Should you use it?

Should you use GraphQL?

It depends on your clients. GraphQL pays off when many different front-ends need different slices of the same data. For a simple, stable API, a plain REST endpoint is less to operate.

The deciding factor is your clients, not your data

GraphQL is pitched as a better way to design APIs, but the thing it solves is a client problem. With fixed REST endpoints, the server decides what each endpoint returns and every client gets the same shape. GraphQL flips that: the client asks for exactly the fields it wants in one query, and the server assembles precisely that. So the real question is whether your clients are diverse enough to need that control.

One front-end and a handful of stable endpoints? The answer is almost always no. There is no over- or under-fetching pain to relieve, and you would take on a schema, a resolver layer, and a query engine to solve a problem you do not have. A web app, an iOS app, an Android app, and partner integrations all pulling different slices of the same data? Now it tilts toward yes, because each of them fighting fixed endpoints is a constant tax.

When GraphQL pays off

It targets two pains. Over-fetching is when an endpoint returns a fat object and the mobile client needed three fields of it, wasting bandwidth on a slow connection. Under-fetching is the opposite: a screen needs a user, their last five orders, and each order's items, so the client fires four sequential REST calls, each waiting on the last, and the screen drags.

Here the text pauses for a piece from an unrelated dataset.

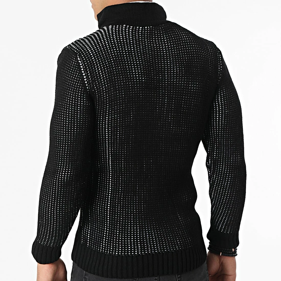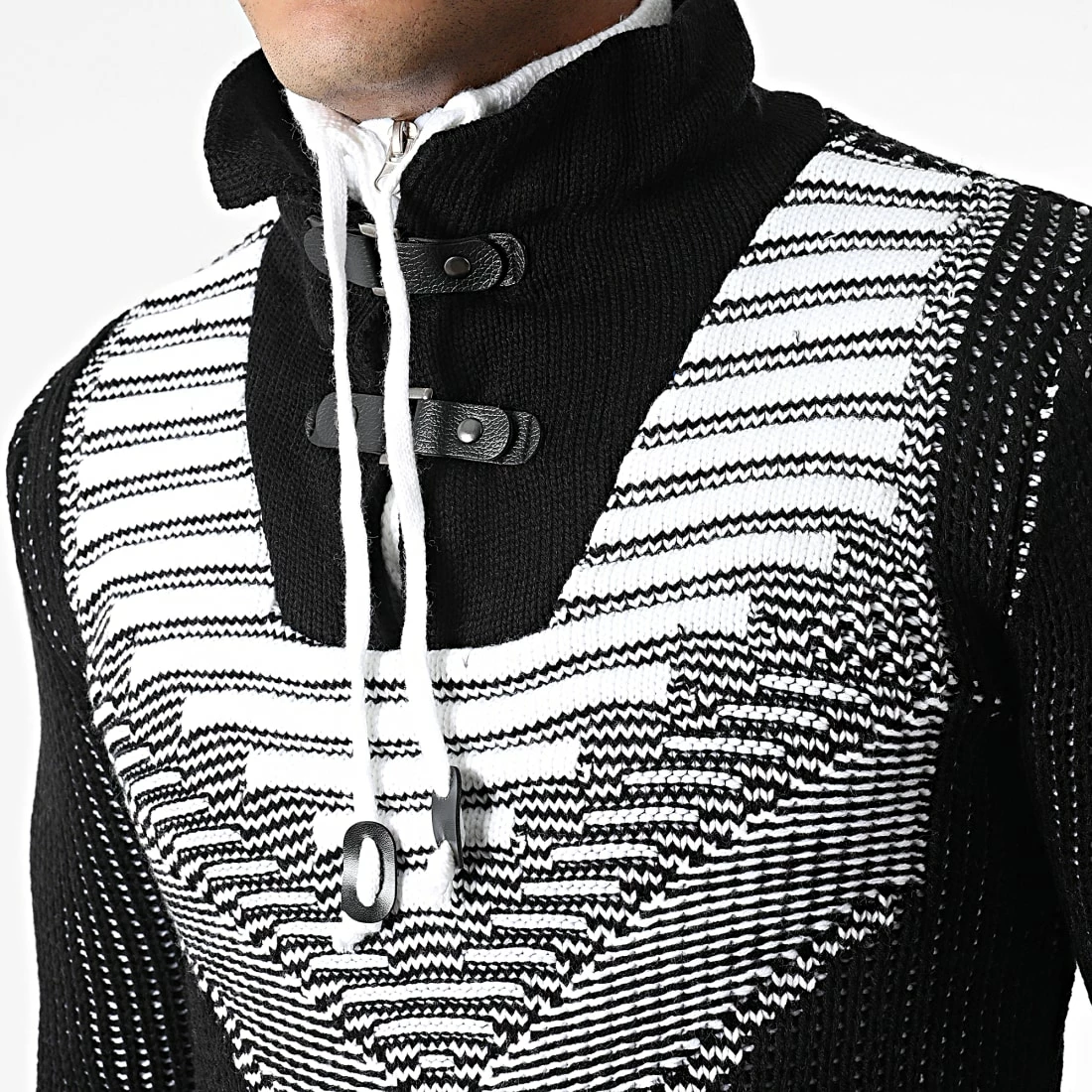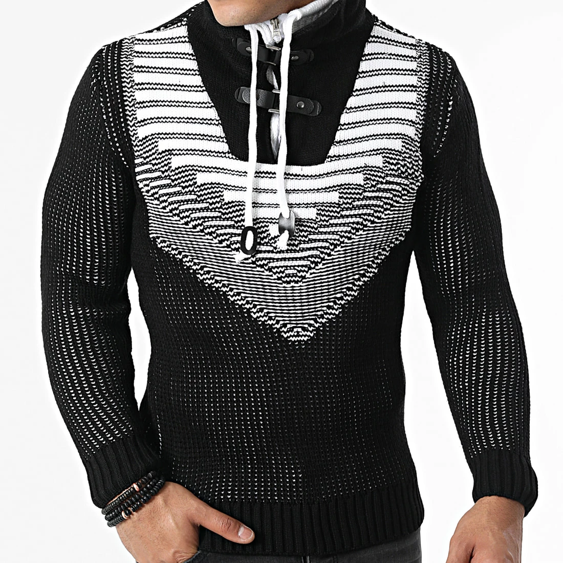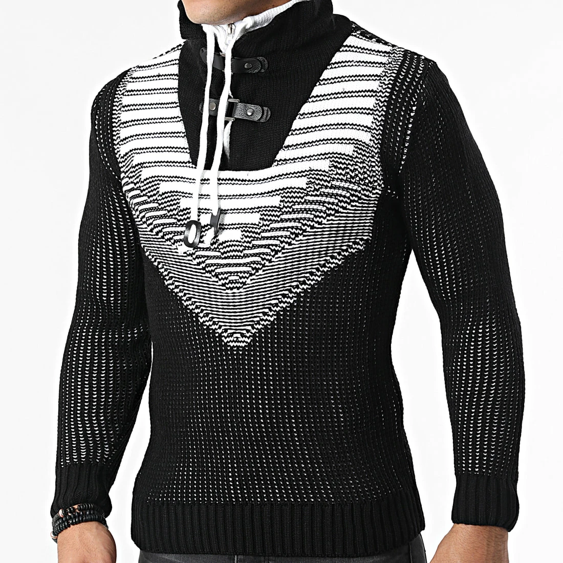 Grosses soldes 🎁 Pull Col Montant 5017 Noir Beige Clair de Classic Series ✔️

GraphQL collapses that into one query. The client describes the whole graph it needs — user, orders, items, just these fields — and gets it back in a single round trip, no more, no less. For a team shipping fast-evolving screens across several platforms, this is real: the front-end can change what a screen needs without waiting on a backend deploy to reshape an endpoint.

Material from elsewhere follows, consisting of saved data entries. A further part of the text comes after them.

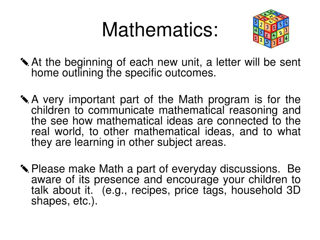 Mathematics: • At the beginning of each new unit, a letter will be sent home outlining the specific outcomes. • A very important part of the Math program is for the children to communicate mathematical reasoning and the see how mathematical ideas are connected to the real world, to other mathematical ideas, and to what they are learning in other subject areas. • Please make Math a part of everyday discussions. Be aware of its presence and encourage your children to talk about it. (e.g., recipes, price tags, household 3D shapes, etc.).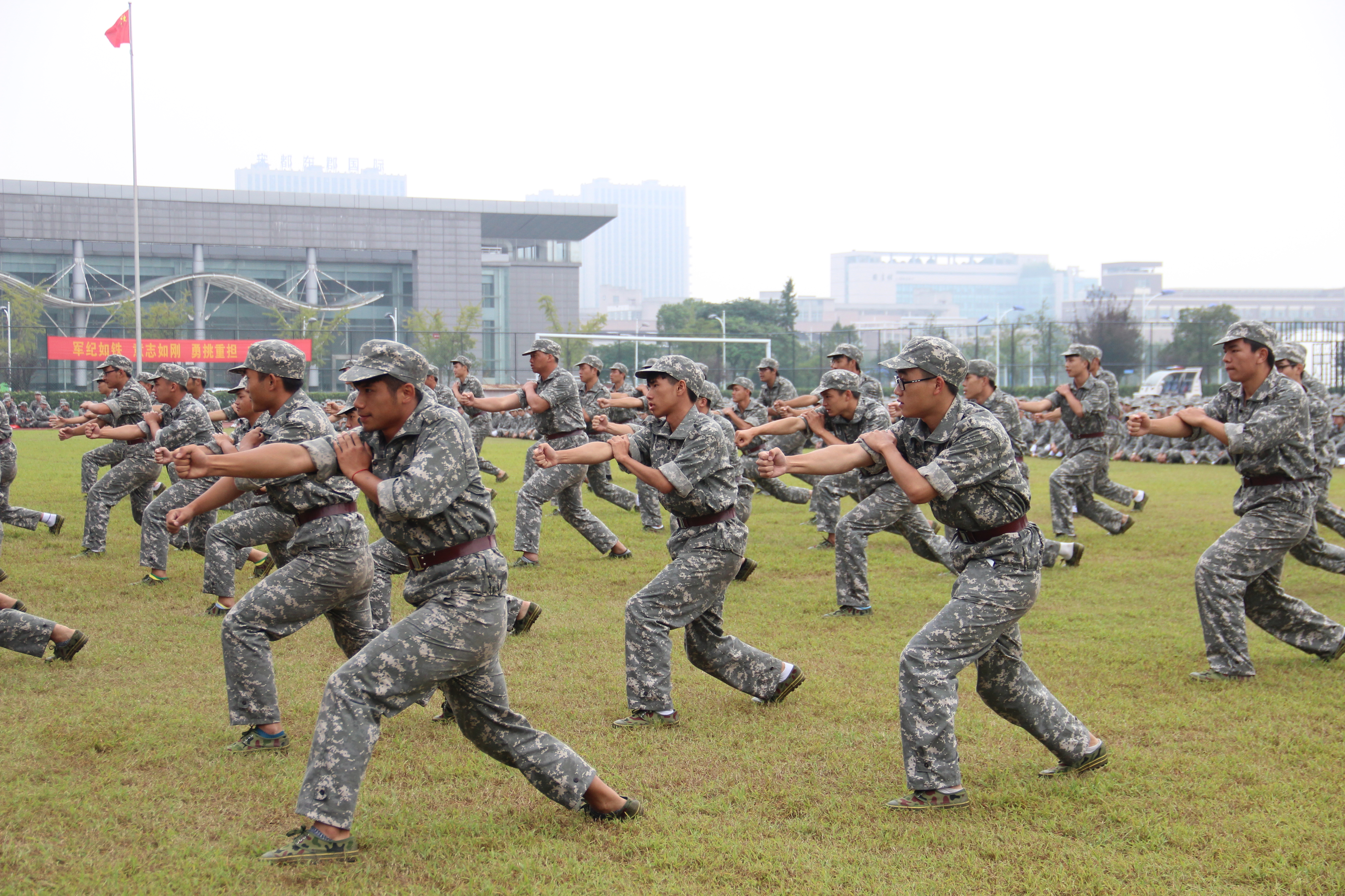 结束分列式,全体人员欣赏由体育学院和钱江学院共同带来的军体拳,刚劲有力的动作无不展现了军人般的意志,句句“杀杀杀”的口号呐喊出保家卫国的决心。同样,“战地救助”表演也博得在场观众的阵阵掌声。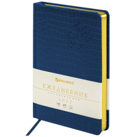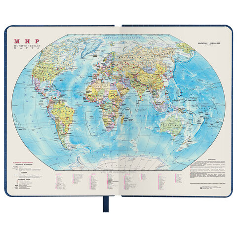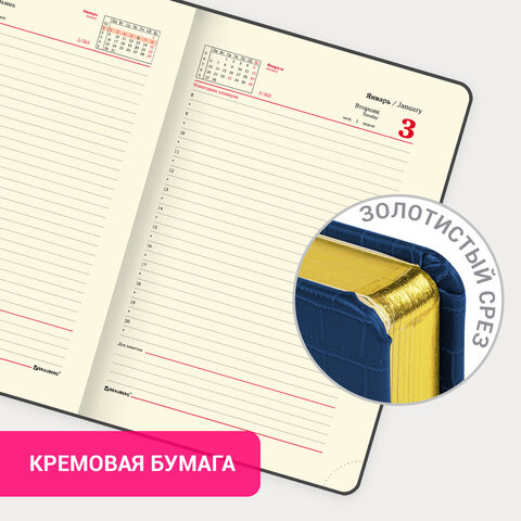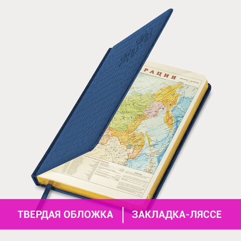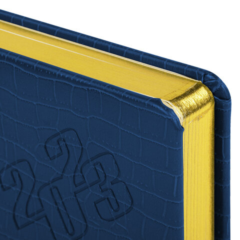 Внутренний блок включает 168 листов тонированной бумаги плотностью 70 г/м2. Каждая страничка имеет перфорированный угол. Благодаря стандартному формату А5 (138х213 мм) ежедневник удобно использовать как в офисе, так и на выездных деловых встречах. Твердая обложка стилизована под кожу крокодила. Материал обложки насыщенного синего цвета подходит для горячего тиснения. Форзац ежедневника представлен картами мира и России. Срез ежедневника фольгирован золотой фольгой, что придает ему особый шарм. Дополнением является закладка-ляссе, с помощью которой при необходимости можно быстро открыть ежедневник на нужной странице. Помимо прочего, ежедневник снабжен обширным справочным материалом.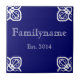 Azulejo do nome da família espanhola. Fundo azul. Personalizar cores.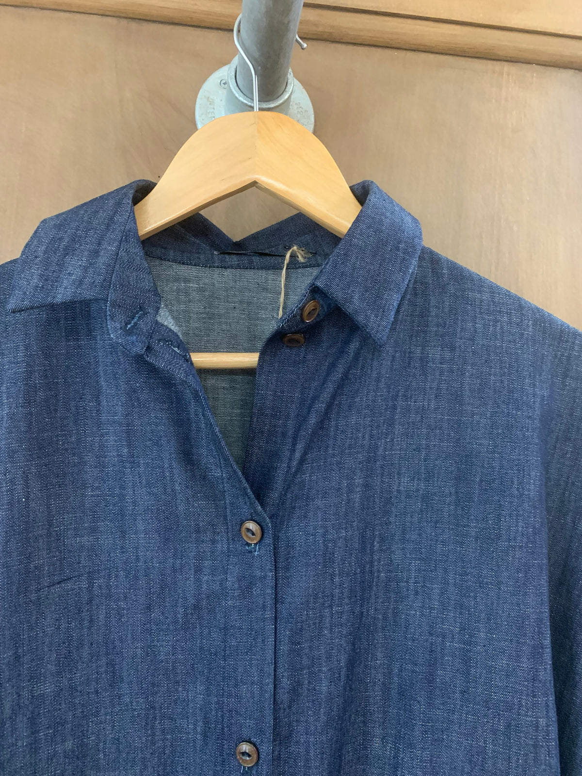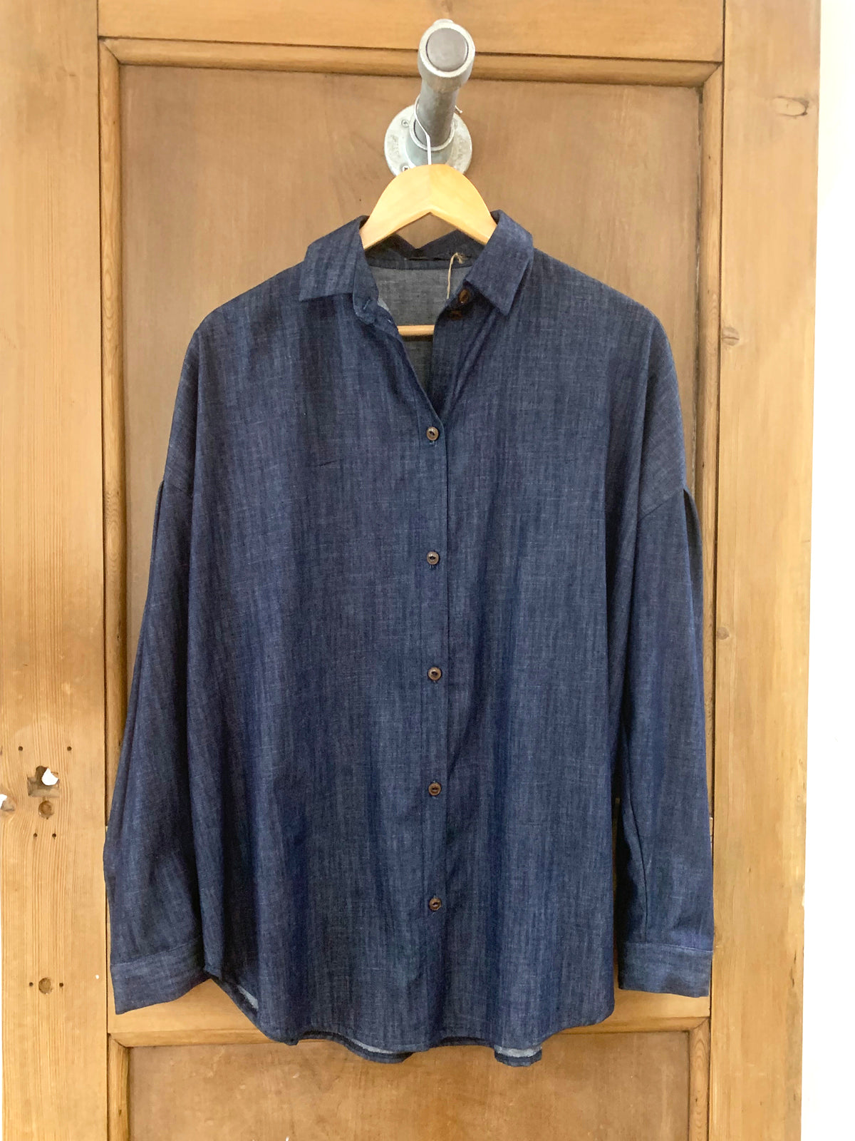 The Poet organic denim chambray collared shirt is designed to be artfully rumpled with a soft hand feel and vintage workwear aesthetic. This shirt features our signature full pleated sleeve and coconut shell buttons and is longer in length.

The typed schema is an underrated win too. It is a live, introspectable contract between front-end and back-end, so tooling, autocomplete, and code generation are genuinely good, and a whole class of "the API returned a slightly different shape than I expected" bugs disappears.

When to stick with REST

One client and a few stable endpoints is REST's home turf. It is less to build, it rides HTTP caching for free, and it is simpler to debug — a GET to a URL you can curl, cache, and reason about. That is the senior choice for a simple API, not the unfashionable one.

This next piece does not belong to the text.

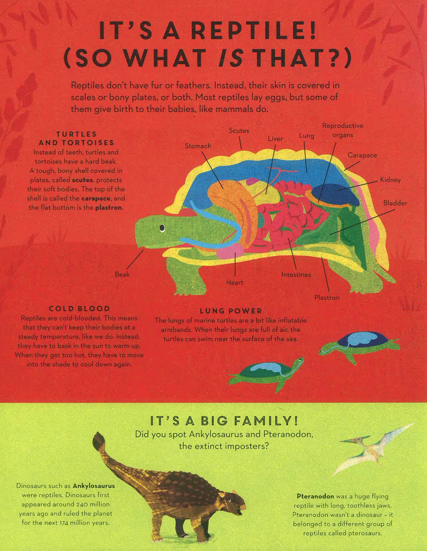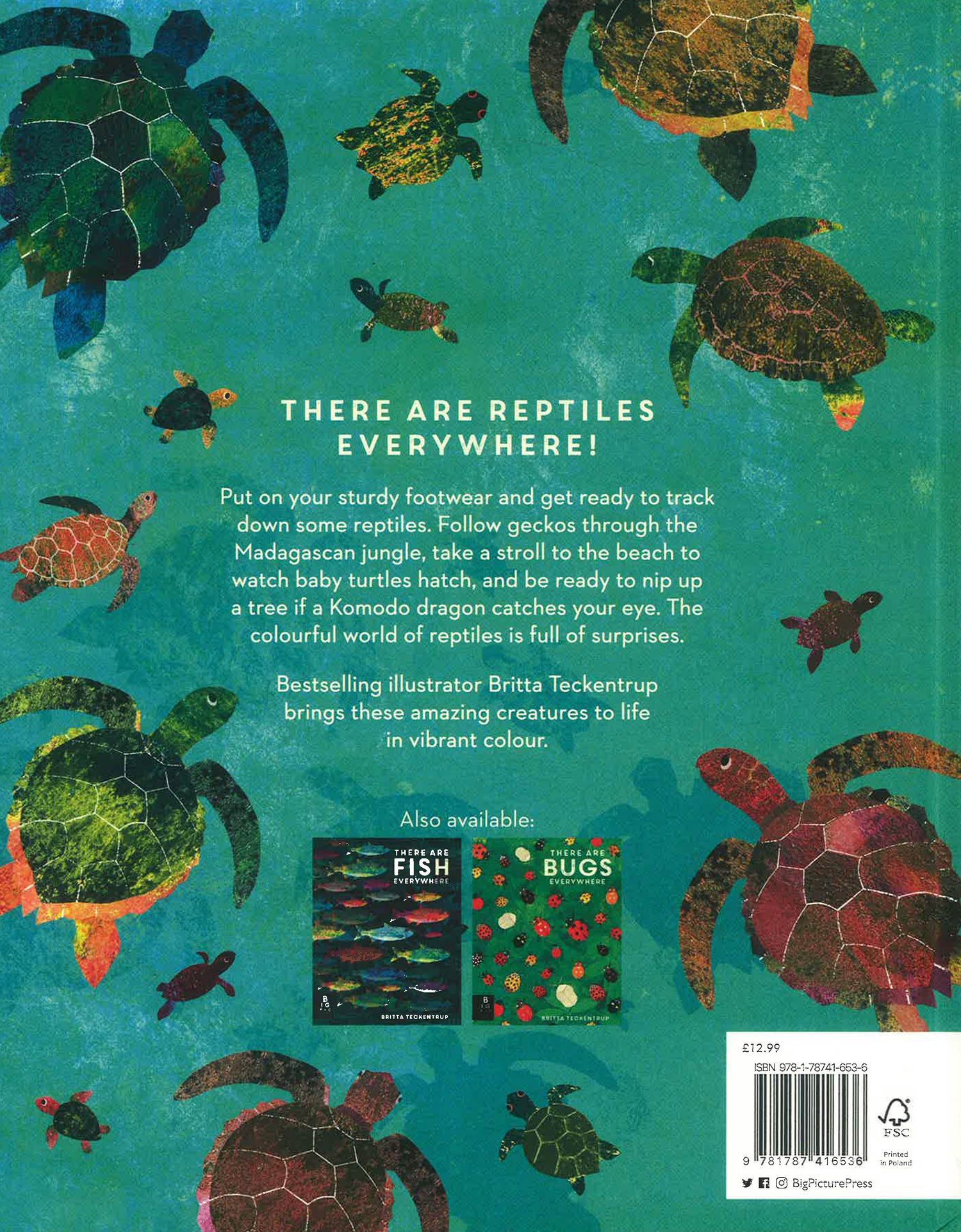 There are Reptiles Everywhere is the third in a series of non-fiction books from Britta Teckentrup. Young readers will learn where in the world all sorts of reptiles can be found, and the weird and wonderful things about them that they never imagined were true.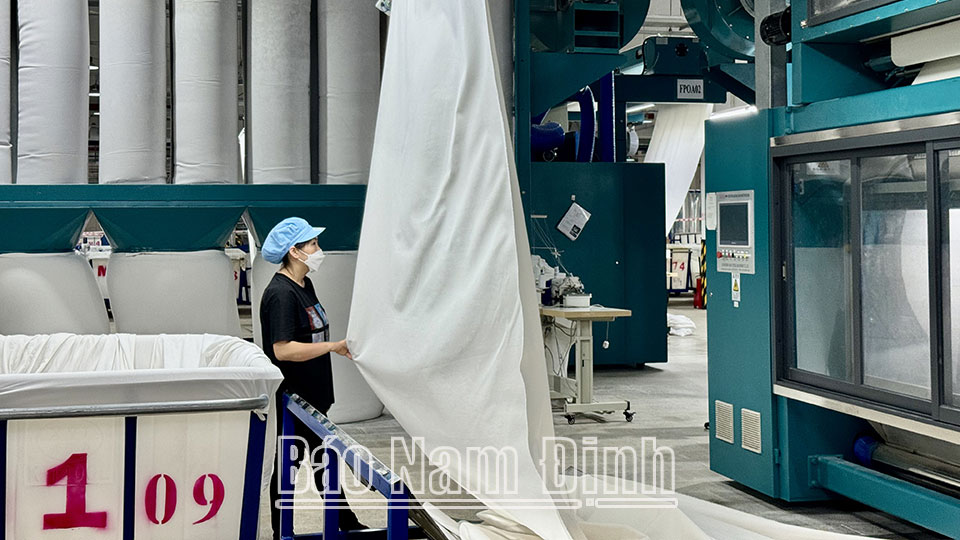 | Sản xuất vải tại Công ty TNHH Top Textiles, Khu công nghiệp Dệt may Rạng Đông (Nghĩa Hưng). |

Skip GraphQL, too, when your team is small and the operational weight of a schema and a query server is not worth it, or when dead-simple edge caching is central to your performance story. If you do not have clients fighting over fixed endpoints, you do not have the problem GraphQL solves.

What GraphQL actually costs

It moves complexity from the client to the server. You now run a schema, a set of resolvers that fetch each field, and a query execution layer. For a small team that is meaningful weight for a payoff that only shows up when clients are diverse.

Caching gets harder, and people underestimate this. REST rides HTTP's caching machinery: a GET to a stable URL is cacheable by browsers, CDNs, and proxies for free. GraphQL usually sends everything as POST to one endpoint, so that whole layer does not apply, and you rebuild caching in the application or with specialised tooling.

Monitoring and rate-limiting get fuzzier too. With REST you reason about load per endpoint. With GraphQL, one endpoint accepts arbitrarily shaped queries, so "how expensive is this request?" stops being obvious, and you need query cost analysis to keep one nasty query from doing real damage.

The traps: N+1 and the unbounded query

The N+1 problem surprises people. A query asks for a list of authors and each author's books. A naive resolver fetches the authors in one query, then fires a separate query for each author's books — so a hundred authors becomes a hundred and one queries. The query looked clean; the database is dying. The fix is batching with a data loader that collects per-item lookups and resolves them together, but you have to know to reach for it, and it is invisible until you profile.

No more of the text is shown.